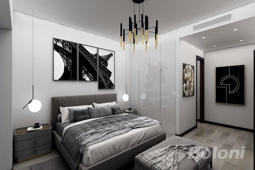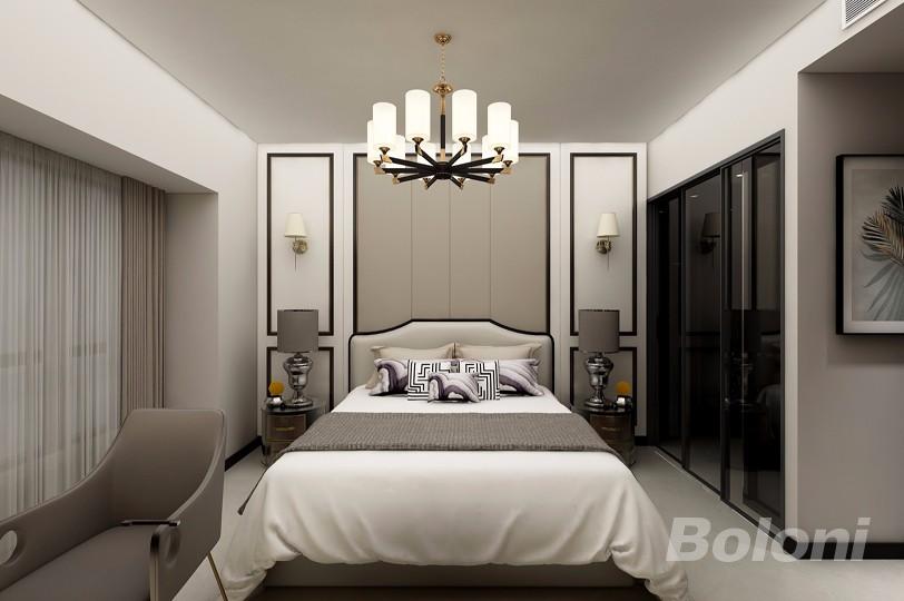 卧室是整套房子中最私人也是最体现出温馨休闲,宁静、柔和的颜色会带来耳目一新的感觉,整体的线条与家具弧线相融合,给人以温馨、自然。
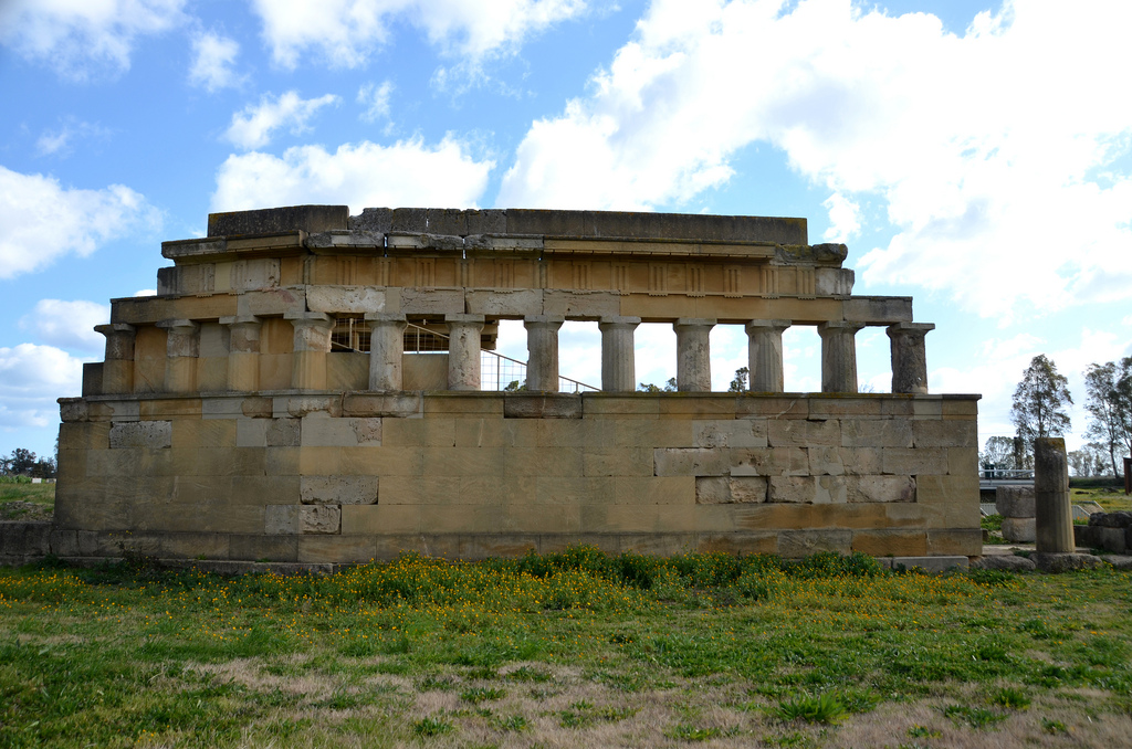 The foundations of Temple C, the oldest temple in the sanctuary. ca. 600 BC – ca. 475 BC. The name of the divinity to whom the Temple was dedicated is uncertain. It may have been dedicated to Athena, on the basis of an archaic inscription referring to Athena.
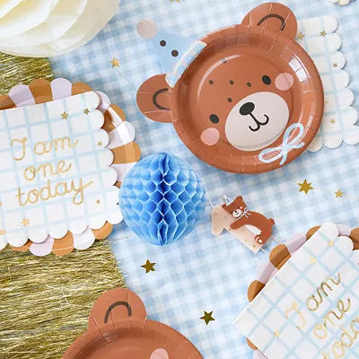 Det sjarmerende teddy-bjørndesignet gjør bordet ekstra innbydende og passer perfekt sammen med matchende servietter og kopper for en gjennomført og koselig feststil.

* * *

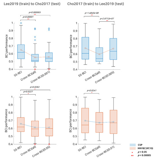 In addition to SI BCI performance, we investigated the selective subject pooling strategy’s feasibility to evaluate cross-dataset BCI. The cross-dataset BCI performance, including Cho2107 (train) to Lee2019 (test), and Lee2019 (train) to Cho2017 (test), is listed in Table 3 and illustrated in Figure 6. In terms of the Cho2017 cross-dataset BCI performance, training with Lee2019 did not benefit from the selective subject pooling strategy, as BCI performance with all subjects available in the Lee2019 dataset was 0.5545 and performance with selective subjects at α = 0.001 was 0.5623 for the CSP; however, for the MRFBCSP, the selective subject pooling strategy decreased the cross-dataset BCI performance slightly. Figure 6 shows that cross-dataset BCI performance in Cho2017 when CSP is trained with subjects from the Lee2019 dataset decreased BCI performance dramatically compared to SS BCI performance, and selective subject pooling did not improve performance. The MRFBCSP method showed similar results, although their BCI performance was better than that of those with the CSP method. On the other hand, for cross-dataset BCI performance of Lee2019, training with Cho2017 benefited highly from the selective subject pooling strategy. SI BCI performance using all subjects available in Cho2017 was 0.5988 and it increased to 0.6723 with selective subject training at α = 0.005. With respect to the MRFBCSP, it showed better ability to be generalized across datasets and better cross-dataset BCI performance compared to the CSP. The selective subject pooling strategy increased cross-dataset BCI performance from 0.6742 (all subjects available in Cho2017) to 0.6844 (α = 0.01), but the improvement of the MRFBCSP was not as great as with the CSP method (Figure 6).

---

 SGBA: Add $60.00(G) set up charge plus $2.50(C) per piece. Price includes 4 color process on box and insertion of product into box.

- [Instructions for the task]: Starting at the line with "The foundations of" and finishing at the line with "Det sjarmerende teddy-bjørndesignet", copy the material above exactly, both lines included. Nothing else goes in, and no pictures.

- [Written answer]:
 The foundations of Temple C, the oldest temple in the sanctuary. ca. 600 BC – ca. 475 BC. The name of the divinity to whom the Temple was dedicated is uncertain. It may have been dedicated to Athena, on the basis of an archaic inscription referring to Athena.
 Det sjarmerende teddy-bjørndesignet gjør bordet ekstra innbydende og passer perfekt sammen med matchende servietter og kopper for en gjennomført og koselig feststil.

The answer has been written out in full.